WHAT YOU NEED TO DO
All records below must be reproduced exactly, although any pictures they contain are to be omitted.

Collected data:
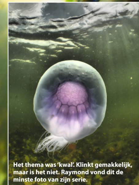
Het thema was 'kwal'. Klinkt gemakkelijk, maar is het niet. Raymond vond dit de minste foto van zijn serie.
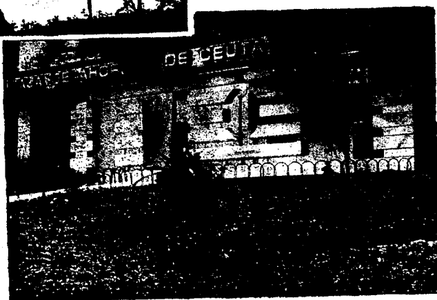
URBANA NUM. CUATRO Poligono Virgen de Africa
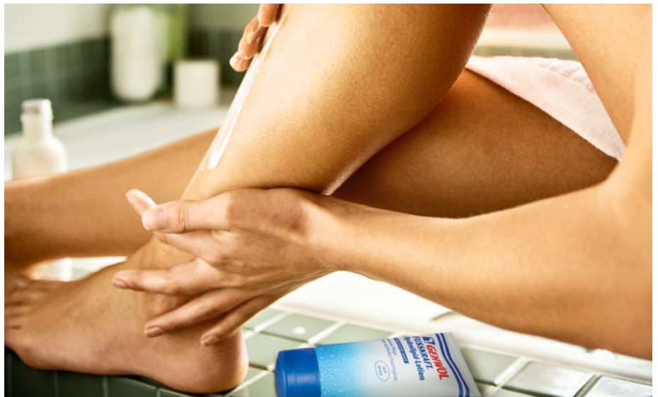
Deutlich weniger Hornhaut. So fühlen sich Füße zart und gepflegt an.

Leiden Diabetiker infolge der Zuckerkrankheit an einer Funktionsstörung der Nerven, verändern sich die Druckverhältnisse am Fuß. An den belasteten Stellen entsteht übermäßige Hornhaut, die mit GEHWOL FUSSKRAFT Hydrolipid-Lotion vermindert werden kann. An der Untersuchung waren zehn Diabetiker beteiligt. Auch bei ihnen nahm die Hornhautdicke nach vier Wochen im gleichen Umfang ab.
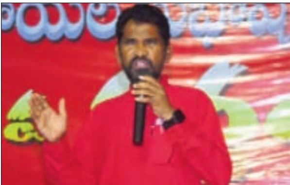
పాల్వంచ టౌన్, మార్చి 18 - ప్రభాతవార్త:

భారత రాజకీయరంగంలో దిశి(లీలి) ఏర్పాటు ఒక చారిత్రక అవసరంగా ముందుకు వచ్చిందని, మార్క్సిస్టు మహోపాధ్యాయుడు కామ్రేడ్ లెనిన్ జన్మదినం రోజునే పురుషోసుకుని అవుసూరి మడు అన్నారు. అర్ధవల, అర్ధ భూస్వామ్య దేశంలో దున్నేవానికే భూమి నినాదంతో వ్యవసాయక విప్లవం ఇరుసుగా నూతన ప్రజాస్వామిక విప్లవాన్ని విజయవంతం చేయాలనే అవగాహనను ప్రజలకు అందించింది. బడా భూస్వామ్య, బడా పెట్టుబడిదారీ విధానం, సామ్రాజ్యవాదం ఈ మూడు కలగలిసిన కూటమికి భారత ప్రజలకు ప్రధాన వైరుధ్యం ఉందని స్పష్టపరిచింది. ఈ అవగాహనతోనే విప్లవకారులు సాయుధ పోరాట పంథా ఎంచుకున్నారు. విప్లవోద్యమాన్ని నిర్మించారు. ఉమ్మడి ఆంధ్ర రాష్ట్రంలో సిపిఎం రివిజనిజంతో తెగతెంపులు చేసుకుని తక్షణ కార్యక్రమాన్ని రూపొందించి పూర్వోత్తర ప్రాంతాలను, క్యాడర్ని ఎన్నిక చేసుకున్నారు. నక్కల్పూరి, శ్రీకాకుళం నేపథ్యంలో ఆనాటి ఆంధ్రలోని ఖమ్మం జిల్లా పగడేరులో భూస్వాముల ఇళ్లపై దాడులు చేసి ఆయుధాలు స్వాధీనం చేసుకుని సాయుధ పోరాటం ప్రారంభమైందని ప్రకటించారు. ఇది అతివాద చర్య. దీనిని సరిదిద్దుకుంటూ ఆత్మరక్షణ సాయుధ పోరాటంగా, అనంతరం ప్రతిఘటన పోరాటంగా అభివృద్ధి చేసుకోవడం జరిగింది. ఆచరణలో ప్రజలను ప్రజాయుద్ధపంథా వైపు నిలబెట్టుకోవడంలో గొప్ప కృషి జరిగిందని అన్నారు. అతివాదం పేరుతో చరిత్రని రైతాంగ సాయుధ పోరాటాలని, పోరాట అనుభవాలను పూర్తిగా తిరస్కరిస్తున్నారు. ఏ పంథాలో విజయం సాధించగలమో ముందుగా నిర్ణయించడం శుభ్య సైద్ధాంతికవాదం అవుతుందంటూనే భారత విప్లవ పంథా ప్రజాయుద్ధ పంథా కానే కాదని నిర్ణయంగా ప్రకటించారు. మస్ లైన్ వారు పార్లమెంటురిజం వైపు ప్రయాణించడానికి కప్పుకున్న ముసుగిది. దీనిని ప్రజలు పార్టీ శ్రేణులు విప్లవ అభిమానులు అర్థం చేసుకోవాలని కోరుతున్నాను.
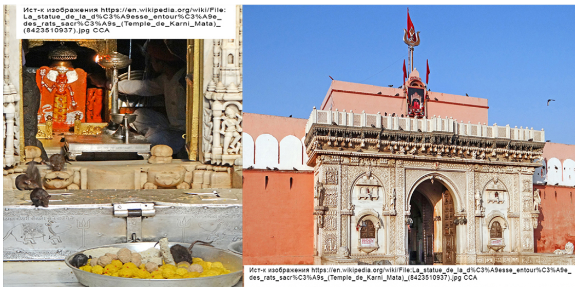
«Храм Крыс» внутри (слева) и снаружи (справа).
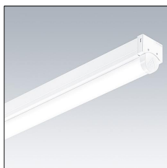
Plafonnier LED POPPACK LED 3000-840 HFI L1200 96631540

La présente déclaration de produit environnemental (EPD) est basée selon les normes EN ISO 14025 et EN 15804 et décrit les impacts spécifiques environnementaux du produit mentionné. Cette déclaration fait suite également aux exigences spécifiques et concrètes du programme Institut Bauen und Umwelt e.V. (IBU) selon les règles de calcul des LCA et le contenu de l'EPD (de base) selon les instructions de PCR sous-jacentes (PCR: Règles de catégorie de produit) pour «Luminaires, lampes et composants pour luminaires» (Ref: IBU PCR Teil A et B). Le produit décrit sert d'unité déclarée. La déclaration inclut une description du produit, des informations sur la composition des matériaux, la production, le transport, la phase d'utilisation, l'élimination et le recyclage, ainsi que les résultats de l'évaluation du cycle de vie. Les EPD des produits de construction sont comparables uniquement si les valeurs sont calculées conformément au même PCR et des scénarios d'utilisation appropriés et obligatoires.
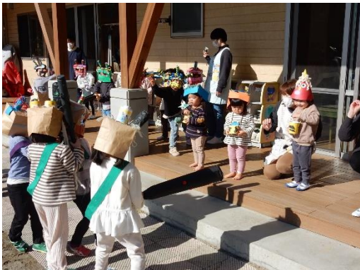
かわいい小鬼が現れた！

寒さが厳しい2月2日、塩原認定こども園の子供たちが豆まきに挑戦しました。今回は、年長さんが「自分たちが克服したいことを見立てた」鬼に扮し、年下の子供たちが鬼に豆を投げつけていました。するとそこに大きな鬼が登場。今まで鬼役をしていた年長さんたちも一緒になって大きな鬼に豆をぶつけ、怖い鬼をやっつけました。
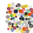
Knappmix, dia. 12+18+20 mm, 100 g, mixade färger, 100st. 403810
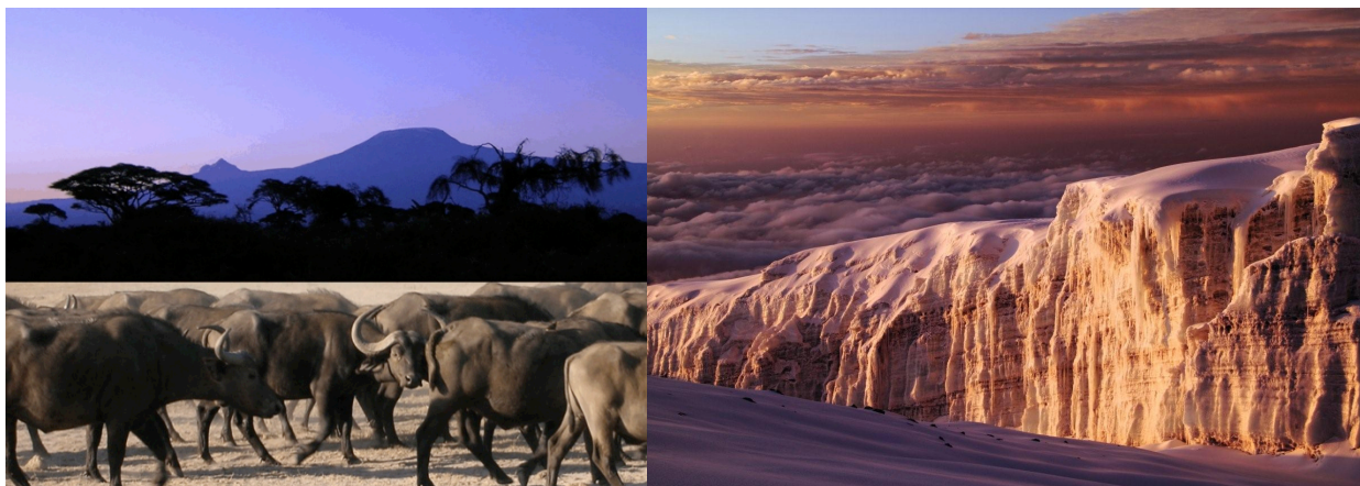
Bilder: Kilimandscharo, Büffel in der Savanne, Gletscher am Gipfel des Kilimandscharos – alles in einer Reise.

SummitClimb Naturerlebnis in Tansania, Trekking zum höchsten Berg Afrikas
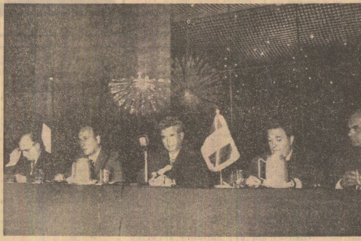
În timpul conferinţei de presă

TOVARĂŞUL NICOLAE CEAUŞESCU: Ca să vă răspund la această întrebare mi-ar trebui mult timp. Va invit în România ca să discutăm mai pe larg aceste probleme.
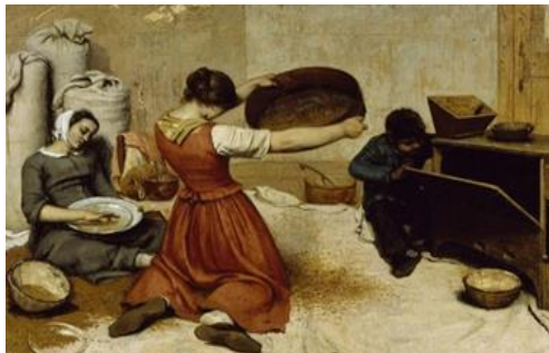
شكل(٢) ناخلات القمح

ويرى زعيم النزعة الواقعية غوستاف كوربيه(١٨١٩ - ١٨٧٧) ان الواقعية تجسيدا لما ندركه ونشاهده من واقع الحياة اليومية فينفذ بذلك الى حياة الاسرة ويعالج مشكلاتهم ويبصر بالحلول وجسد في لوحاته وبشكل مجازي ابعادا اجتماعية بواقعية مفرطة للدلالة على احتقاره للطبقة البرجوازية وتمجيده لطبقة العمال والفلاحين كونهم يستحقون الحياة والتقدير ففي عمله ناخلات القمح شكل (٢) تعبيرا عن حالة الالم والبؤس في اوساط عامة الشعب مع انه مشهد عائلي مرتبط بنوع من التعبير الموضوعي أي سعى الفنان الى تصوير الموضوعية التي تنكش امامها الصفة الذاتية وان يختار موضوع من واقع الحياة اليومية.(٢٤)

WRITTEN ANSWER
Het thema was 'kwal'. Klinkt gemakkelijk, maar is het niet. Raymond vond dit de minste foto van zijn serie.
URBANA NUM. CUATRO Poligono Virgen de Africa
Deutlich weniger Hornhaut. So fühlen sich Füße zart und gepflegt an.

Leiden Diabetiker infolge der Zuckerkrankheit an einer Funktionsstörung der Nerven, verändern sich die Druckverhältnisse am Fuß. An den belasteten Stellen entsteht übermäßige Hornhaut, die mit GEHWOL FUSSKRAFT Hydrolipid-Lotion vermindert werden kann. An der Untersuchung waren zehn Diabetiker beteiligt. Auch bei ihnen nahm die Hornhautdicke nach vier Wochen im gleichen Umfang ab.
పాల్వంచ టౌన్, మార్చి 18 - ప్రభాతవార్త:

భారత రాజకీయరంగంలో దిశి(లీలి) ఏర్పాటు ఒక చారిత్రక అవసరంగా ముందుకు వచ్చిందని, మార్క్సిస్టు మహోపాధ్యాయుడు కామ్రేడ్ లెనిన్ జన్మదినం రోజునే పురుషోసుకుని అవుసూరి మడు అన్నారు. అర్ధవల, అర్ధ భూస్వామ్య దేశంలో దున్నేవానికే భూమి నినాదంతో వ్యవసాయక విప్లవం ఇరుసుగా నూతన ప్రజాస్వామిక విప్లవాన్ని విజయవంతం చేయాలనే అవగాహనను ప్రజలకు అందించింది. బడా భూస్వామ్య, బడా పెట్టుబడిదారీ విధానం, సామ్రాజ్యవాదం ఈ మూడు కలగలిసిన కూటమికి భారత ప్రజలకు ప్రధాన వైరుధ్యం ఉందని స్పష్టపరిచింది. ఈ అవగాహనతోనే విప్లవకారులు సాయుధ పోరాట పంథా ఎంచుకున్నారు. విప్లవోద్యమాన్ని నిర్మించారు. ఉమ్మడి ఆంధ్ర రాష్ట్రంలో సిపిఎం రివిజనిజంతో తెగతెంపులు చేసుకుని తక్షణ కార్యక్రమాన్ని రూపొందించి పూర్వోత్తర ప్రాంతాలను, క్యాడర్ని ఎన్నిక చేసుకున్నారు. నక్కల్పూరి, శ్రీకాకుళం నేపథ్యంలో ఆనాటి ఆంధ్రలోని ఖమ్మం జిల్లా పగడేరులో భూస్వాముల ఇళ్లపై దాడులు చేసి ఆయుధాలు స్వాధీనం చేసుకుని సాయుధ పోరాటం ప్రారంభమైందని ప్రకటించారు. ఇది అతివాద చర్య. దీనిని సరిదిద్దుకుంటూ ఆత్మరక్షణ సాయుధ పోరాటంగా, అనంతరం ప్రతిఘటన పోరాటంగా అభివృద్ధి చేసుకోవడం జరిగింది. ఆచరణలో ప్రజలను ప్రజాయుద్ధపంథా వైపు నిలబెట్టుకోవడంలో గొప్ప కృషి జరిగిందని అన్నారు. అతివాదం పేరుతో చరిత్రని రైతాంగ సాయుధ పోరాటాలని, పోరాట అనుభవాలను పూర్తిగా తిరస్కరిస్తున్నారు. ఏ పంథాలో విజయం సాధించగలమో ముందుగా నిర్ణయించడం శుభ్య సైద్ధాంతికవాదం అవుతుందంటూనే భారత విప్లవ పంథా ప్రజాయుద్ధ పంథా కానే కాదని నిర్ణయంగా ప్రకటించారు. మస్ లైన్ వారు పార్లమెంటురిజం వైపు ప్రయాణించడానికి కప్పుకున్న ముసుగిది. దీనిని ప్రజలు పార్టీ శ్రేణులు విప్లవ అభిమానులు అర్థం చేసుకోవాలని కోరుతున్నాను.
«Храм Крыс» внутри (слева) и снаружи (справа).
Plafonnier LED POPPACK LED 3000-840 HFI L1200 96631540

La présente déclaration de produit environnemental (EPD) est basée selon les normes EN ISO 14025 et EN 15804 et décrit les impacts spécifiques environnementaux du produit mentionné. Cette déclaration fait suite également aux exigences spécifiques et concrètes du programme Institut Bauen und Umwelt e.V. (IBU) selon les règles de calcul des LCA et le contenu de l'EPD (de base) selon les instructions de PCR sous-jacentes (PCR: Règles de catégorie de produit) pour «Luminaires, lampes et composants pour luminaires» (Ref: IBU PCR Teil A et B). Le produit décrit sert d'unité déclarée. La déclaration inclut une description du produit, des informations sur la composition des matériaux, la production, le transport, la phase d'utilisation, l'élimination et le recyclage, ainsi que les résultats de l'évaluation du cycle de vie. Les EPD des produits de construction sont comparables uniquement si les valeurs sont calculées conformément au même PCR et des scénarios d'utilisation appropriés et obligatoires.
かわいい小鬼が現れた！

寒さが厳しい2月2日、塩原認定こども園の子供たちが豆まきに挑戦しました。今回は、年長さんが「自分たちが克服したいことを見立てた」鬼に扮し、年下の子供たちが鬼に豆を投げつけていました。するとそこに大きな鬼が登場。今まで鬼役をしていた年長さんたちも一緒になって大きな鬼に豆をぶつけ、怖い鬼をやっつけました。
Knappmix, dia. 12+18+20 mm, 100 g, mixade färger, 100st. 403810
Bilder: Kilimandscharo, Büffel in der Savanne, Gletscher am Gipfel des Kilimandscharos – alles in einer Reise.

SummitClimb Naturerlebnis in Tansania, Trekking zum höchsten Berg Afrikas
În timpul conferinţei de presă

TOVARĂŞUL NICOLAE CEAUŞESCU: Ca să vă răspund la această întrebare mi-ar trebui mult timp. Va invit în România ca să discutăm mai pe larg aceste probleme.
شكل(٢) ناخلات القمح

ويرى زعيم النزعة الواقعية غوستاف كوربيه(١٨١٩ - ١٨٧٧) ان الواقعية تجسيدا لما ندركه ونشاهده من واقع الحياة اليومية فينفذ بذلك الى حياة الاسرة ويعالج مشكلاتهم ويبصر بالحلول وجسد في لوحاته وبشكل مجازي ابعادا اجتماعية بواقعية مفرطة للدلالة على احتقاره للطبقة البرجوازية وتمجيده لطبقة العمال والفلاحين كونهم يستحقون الحياة والتقدير ففي عمله ناخلات القمح شكل (٢) تعبيرا عن حالة الالم والبؤس في اوساط عامة الشعب مع انه مشهد عائلي مرتبط بنوع من التعبير الموضوعي أي سعى الفنان الى تصوير الموضوعية التي تنكش امامها الصفة الذاتية وان يختار موضوع من واقع الحياة اليومية.(٢٤)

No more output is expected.